3. Where are branchial clefts found in humans?

In humans, the branchial clefts located in the anterior region of the pharynx (also known as pharyngeal clefts) are present only during the embryonic stage and disappear later.

The Notochord

4. What happens to the notochord in vertebrates and protochordates?

In vertebrates, the notochord disappears and to produce the spine (vertebral column). In protochordates, the notochord remains during their whole life.

The Dorsal Neural Tube

5. Is the tubular-dorsal nervous system of chordates associated with radial or lateral symmetry? How does that explain the level of nervous system complexity attained by the vertebrate evolutionary branch?

The tubular and dorsal nervous system of chordates is related to the cephalization in these animals and to bilateral symmetry.

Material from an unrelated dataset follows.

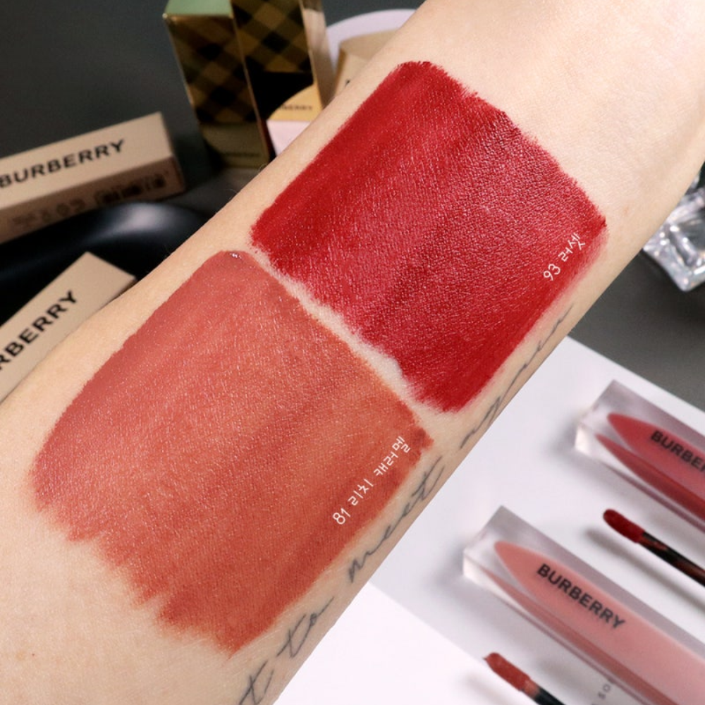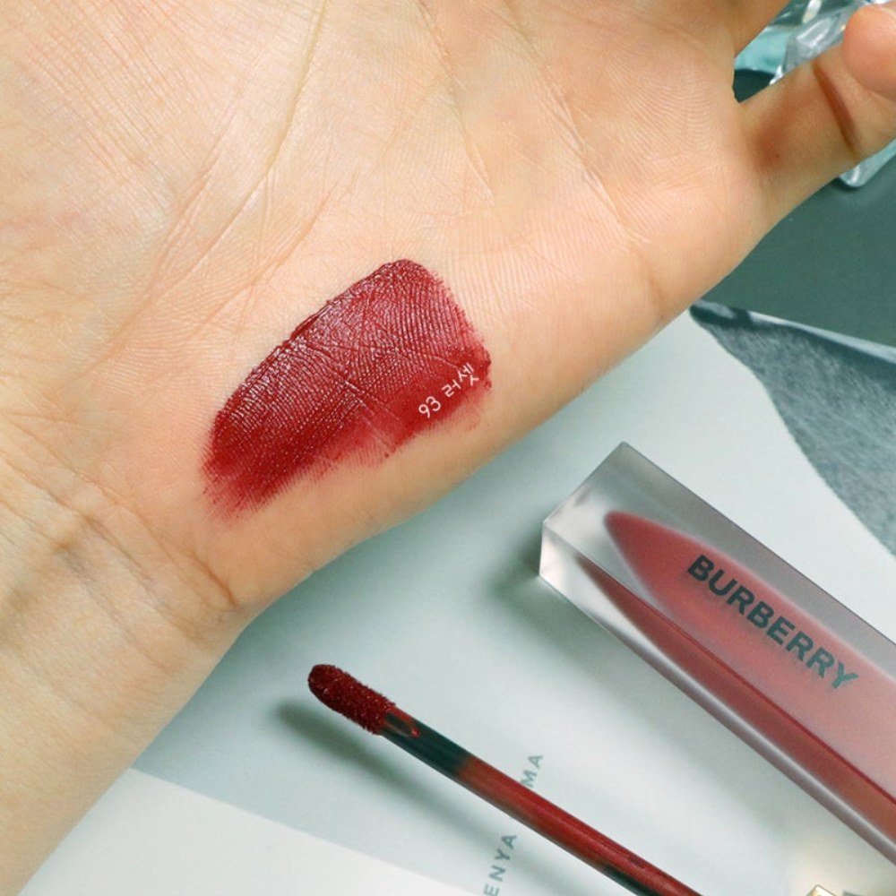 ลิปสติกเนื้อแมตต์แบบลิควิด (liquid lipstick) สีแดงเฉดนัวๆ ที่ทาแล้วดูคลาสสิคเหมาะกับทุกสีผิวจากแบรนด์แฟชั่นหรู Burberry ที่เน้นทั้งความติดทนและความสบายริมฝีปาก ลิปตัวนี้เป็นลิปเนื้อเหลว (จิ้มจุ่ม)

The presence of neural integrating centers with a concentration of neurons in the brain and the spinal cord (central nervous system, CNS) permitted the increase in the complexity of the interaction between these animals and their environment. Receptor (afferent conduction) and efferent (motor, regulatory and behavioral reactions) functions are more sophisticated in chordates due to the presence of more better-developed neural networks. These features have been preserved by evolution, as they provide an adaptive advantage to the species in which they are present.

6. How can the tubular-dorsal nervous system in chordates be compared to the nervous pattern present in invertebrates?

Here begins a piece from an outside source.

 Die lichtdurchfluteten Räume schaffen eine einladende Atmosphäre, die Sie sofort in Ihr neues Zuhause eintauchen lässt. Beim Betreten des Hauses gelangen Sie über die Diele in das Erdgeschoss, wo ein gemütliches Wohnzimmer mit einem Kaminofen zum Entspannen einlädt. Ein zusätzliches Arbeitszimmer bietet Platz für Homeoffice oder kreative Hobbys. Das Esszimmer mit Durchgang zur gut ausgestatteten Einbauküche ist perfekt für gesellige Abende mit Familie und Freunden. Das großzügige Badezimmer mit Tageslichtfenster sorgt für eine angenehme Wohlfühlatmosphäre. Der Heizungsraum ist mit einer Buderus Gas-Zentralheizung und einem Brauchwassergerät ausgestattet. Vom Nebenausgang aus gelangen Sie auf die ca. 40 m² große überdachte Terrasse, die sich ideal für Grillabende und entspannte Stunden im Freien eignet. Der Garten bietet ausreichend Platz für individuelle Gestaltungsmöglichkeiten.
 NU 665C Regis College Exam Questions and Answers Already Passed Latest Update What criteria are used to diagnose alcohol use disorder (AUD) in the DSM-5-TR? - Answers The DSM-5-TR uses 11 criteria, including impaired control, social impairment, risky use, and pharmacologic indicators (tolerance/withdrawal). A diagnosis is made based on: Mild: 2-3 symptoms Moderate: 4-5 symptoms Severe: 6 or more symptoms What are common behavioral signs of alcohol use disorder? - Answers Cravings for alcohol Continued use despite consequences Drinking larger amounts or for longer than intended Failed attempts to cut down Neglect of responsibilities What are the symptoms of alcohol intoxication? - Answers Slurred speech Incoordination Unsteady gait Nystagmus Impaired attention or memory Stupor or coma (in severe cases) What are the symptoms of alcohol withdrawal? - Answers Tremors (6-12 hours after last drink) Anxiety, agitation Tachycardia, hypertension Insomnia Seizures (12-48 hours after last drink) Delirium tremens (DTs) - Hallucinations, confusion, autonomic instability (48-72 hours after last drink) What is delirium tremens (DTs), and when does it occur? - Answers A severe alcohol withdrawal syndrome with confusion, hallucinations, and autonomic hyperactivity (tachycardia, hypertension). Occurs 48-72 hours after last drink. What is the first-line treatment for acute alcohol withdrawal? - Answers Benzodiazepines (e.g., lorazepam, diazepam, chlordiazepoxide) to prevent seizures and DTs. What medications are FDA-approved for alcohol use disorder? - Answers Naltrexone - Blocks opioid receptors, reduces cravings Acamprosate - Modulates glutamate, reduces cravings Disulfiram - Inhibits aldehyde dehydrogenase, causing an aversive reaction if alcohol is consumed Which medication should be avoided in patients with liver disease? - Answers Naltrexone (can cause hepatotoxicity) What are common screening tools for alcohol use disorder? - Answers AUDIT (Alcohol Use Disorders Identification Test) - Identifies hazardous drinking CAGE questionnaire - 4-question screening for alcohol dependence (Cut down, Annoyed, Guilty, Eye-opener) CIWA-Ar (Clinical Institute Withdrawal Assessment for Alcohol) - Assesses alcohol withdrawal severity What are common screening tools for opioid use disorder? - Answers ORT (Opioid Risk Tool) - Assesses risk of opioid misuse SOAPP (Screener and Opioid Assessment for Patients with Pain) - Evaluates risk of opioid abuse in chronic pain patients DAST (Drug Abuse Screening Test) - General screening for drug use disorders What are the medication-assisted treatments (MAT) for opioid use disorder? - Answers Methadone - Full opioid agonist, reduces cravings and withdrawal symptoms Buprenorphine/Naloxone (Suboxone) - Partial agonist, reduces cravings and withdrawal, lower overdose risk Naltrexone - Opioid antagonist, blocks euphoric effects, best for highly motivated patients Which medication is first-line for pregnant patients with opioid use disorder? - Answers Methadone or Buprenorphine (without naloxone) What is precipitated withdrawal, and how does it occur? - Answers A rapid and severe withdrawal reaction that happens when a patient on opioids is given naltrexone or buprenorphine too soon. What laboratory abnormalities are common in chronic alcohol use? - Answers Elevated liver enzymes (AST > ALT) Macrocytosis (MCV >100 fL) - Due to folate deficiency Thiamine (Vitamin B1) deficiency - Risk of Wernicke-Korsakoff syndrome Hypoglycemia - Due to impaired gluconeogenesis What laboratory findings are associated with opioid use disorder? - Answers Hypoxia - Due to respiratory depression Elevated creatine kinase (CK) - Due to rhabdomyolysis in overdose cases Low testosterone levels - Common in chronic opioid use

In chordates, the nervous system is dorsal and highly cephalized. In most invertebrates, the nervous system is ganglial and ventral.

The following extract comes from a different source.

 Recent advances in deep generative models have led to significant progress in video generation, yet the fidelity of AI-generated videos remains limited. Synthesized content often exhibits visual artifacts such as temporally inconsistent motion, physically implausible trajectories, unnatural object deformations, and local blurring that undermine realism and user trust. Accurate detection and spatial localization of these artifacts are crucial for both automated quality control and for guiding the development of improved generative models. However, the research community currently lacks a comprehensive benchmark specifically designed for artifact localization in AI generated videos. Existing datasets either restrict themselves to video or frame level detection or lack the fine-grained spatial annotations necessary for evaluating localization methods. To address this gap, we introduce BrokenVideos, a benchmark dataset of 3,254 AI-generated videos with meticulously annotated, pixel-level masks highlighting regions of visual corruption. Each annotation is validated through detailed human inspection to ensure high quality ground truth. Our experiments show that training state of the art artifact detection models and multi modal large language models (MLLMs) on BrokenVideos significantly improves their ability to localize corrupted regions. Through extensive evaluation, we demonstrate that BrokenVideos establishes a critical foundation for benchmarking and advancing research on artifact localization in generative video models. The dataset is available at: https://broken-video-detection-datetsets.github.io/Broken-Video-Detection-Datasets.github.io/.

Chordate Evolution and Reproduction

7. What group of the phylum Chordata first colonized the terrestrial environment? What was its original habitat?

Amphibians, partially aquatic and partially terrestrial animals, were the first chordates to live on dry land. They originated from an aquatic habitat and are a descendant of fish. (Nevertheless, the first completely terrestrial chordates were reptiles).

8. How do chordates reproduce?

Reproduction in organisms of the phylum Chordata is sexual, with the exception of urochordates, which can also reproduce asexually. Some classes (cyclostomes, osteichthyes fish and amphibians) have a larval stage. With rare exceptions, fish, amphibians, reptiles and monotreme mammals are oviparous; egg-laying (embryos develop within eggs and outside the mother’s body), marsupial and placental mammals are viviparous (embryos develop inside the mother’s body, feeding from her).

Protochordates

9. Into which subphyla are protochordates divided? What are some representative species of each protochordate subphylum?

Urochordates (or tunicates) and cephalochordates are the two subphyla into which protochordates are divided.

Ascidians, sessile animals similar to sponges, are examples of tunicates. The amphioxus, well-studied in Embryology, is an example of a cephalochordate.

Vertebrates

10. What are the six criteria used to determine the evolutionary branch of vertebrates?

The differences with respect to each of the six following criteria determine the evolutionary branch of vertebrates: the absence of mandibles separates cyclostomes from the others; the absence of limbs separates fish from the remainder; the absence of an osseous skeleton separates chondrichthyan (cartilaginous) fish from osteichthyes; the absence of waterproof skin separates amphibians from terrestrial vertebrates; the absence of warm blood (a homeothermic body) separates reptiles from birds and mammals; and the absence of mammary glands and hair separates birds from mammals.

11. Evolutionarily, protochordates may be intermediate animals between invertebrates and vertebrates. Imagine that a scientist is testing the hypothesis that vertebrates evolved from echinoderms. If he/she is studying a newly found protochordate species, what is an example of a discovery that would weaken this hypothesis? What is an example of a discovery that would strengthen it?

Hypothesis to be tested: Vertebrates evolved from echinoderms. Testing material: A newly found protochordate species (more specifically, a vertebrate precursor).

Example that would weaken the hypothesis (making the new protochordate species evolutionarily distant from echinoderms): discovering that the new species is protostome, as opposed to echinoderms, which are deuterostomes. This observation raises the possibility that deuterostomy in vertebrates is independent in origin from that of echinoderms.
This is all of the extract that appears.